Magazine

Overcoming COVID-19 the Bhutanese Way

Compassionate leadership – and the resulting public trust and goodwill – provided the key to Bhutan’s remarkable pandemic success story.

Overcoming COVID-19 the Bhutanese Way
Credit: Ministry of Health, Royal Government of Bhutan

Bhutan is among a handful of countries in the world with more than 90 percent of its eligible population fully vaccinated and boosted. The Himalayan kingdom with a little over 750,000 people has lost only nine lives to COVID-19 to date. This is no mean feat for a small country with limited resources.

Not much has changed over the last two years since Bhutan caught international attention through its remarkable handling of the pandemic, despite being resource challenged. Able, informed, and compassionate leadership continues to set the country apart. Bhutan’s prime minister and foreign minister are doctors while the health minister is a public health expert and the incumbent president of the World Health Assembly.

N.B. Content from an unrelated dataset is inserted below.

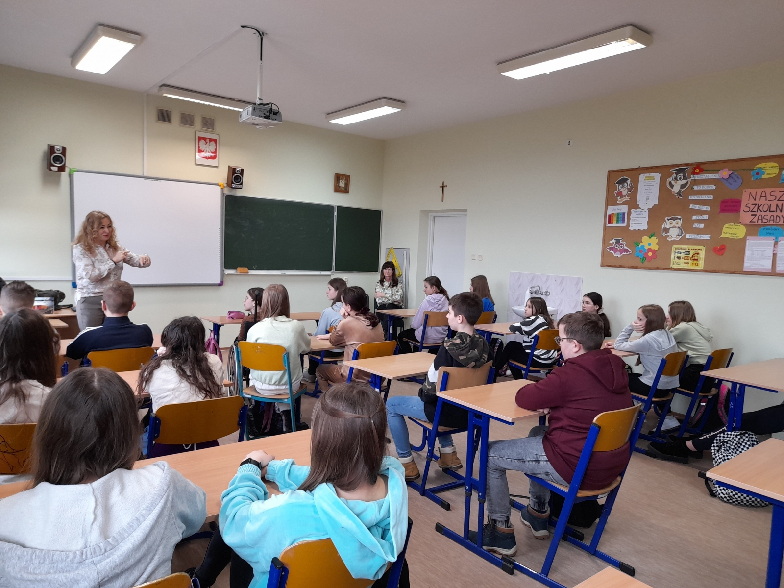 Pani kurator zwróciła także uwagę na aspekt prawny związany z cyberprzemocą, wzajemnym obrażaniem, dokuczaniem. Przypomniała także uczniom o nowych uprawnieniach dyrektora szkoły w związku ze zmianami w „Ustawie o resocjalizacji i wspieraniu nieletnich”.

The king of Bhutan, Jigme Khesar Namgyel Wangchuck, has gone above and beyond to protect his citizens. He instituted a National Resilience Fund (NRF) in April 2020 to provide economic relief to Bhutanese impacted by COVID-19. The fund grants monthly income support and loan interest payment support. The support is ongoing, and replenished through the king’s own funds. Prime Minister Dr. Lotay Tshering, in his State of the Nation 2021 report, stated that the fund had offset about $39 million in economic losses. To date, about $52.2 million has been spent supporting 54,000 individuals and more than 100,000 loan account holders from across various sectors impacted by COVID-19. The king has repeatedly said that money can be replaced, but lives cannot.

Besides economic support, the king regularly visits regions affected by COVID-19, inspecting services and providing moral support to frontline workers. The visits are mostly on foot without any VIP comforts. He was already the people’s king, but his benevolence during the pandemic has endeared him even further to his citizens. The most visible proof of this is through the institution of De-suung, a national volunteer program launched by the king in 2011. Before the pandemic, less than a thousand Bhutanese signed up annually. During the pandemic, thousands applied for a spot in one training batch, crashing the website.

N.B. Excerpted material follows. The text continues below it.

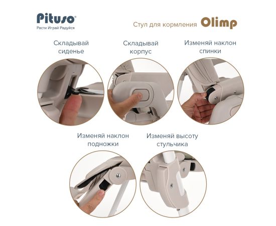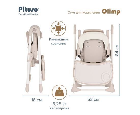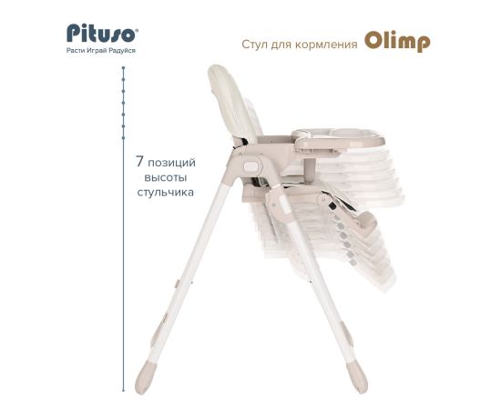 Стульчик Pituso OLIMP функциональный и удобный стульчик для кормления. Алюминиевая рама создает устойчивость и надежность, а задние колесики оснащены педалью тормоза. Безопасная конструкция с мягким сидением легко чистится и компактно складывается. Съемный столик подгоняется в наилучшее положение для кормления, а лоток для приема пищи легко моется. Высоту стульчика Pituso OLIMP можно настроить в 7 положениях. Пятиточечные страховочные ремни безопасности позволят весело проводить время с малышом, не опасаясь, что он вывалится наружу. Свободно регулируемый угол наклона спинки в 3-х положениях и 3-х ступенчатая регулировка подножки позволит ребенку сладко вздремнуть после приема пищи. Современная эргономичная форма прекрасно впишется в любой интерьер. Стульчик оснащен 2 колесиками на задних ножках. Отличительная особенность данной модели удобное и быстрое сложение одной кнопкой, модель очень компактная и удобная в быту, не занимает много места в сложенном виде, а с помощью колесиков легко перемещать по комнате.

Participants in the program, known as Desuups or volunteers, are deployed in times of trouble, disasters, and whenever the need for an extra pair of hands arises. Unofficially dubbed the king’s army, thousands of these volunteers have been serving as frontline workers assisting the armed forces and medical personnel since 2020. During the pandemic, more than 21,000 Bhutanese trained as volunteers. In a historic first, trans women also joined as Desuups. Without these volunteers, successful management of COVID-19 would have been quite impossible.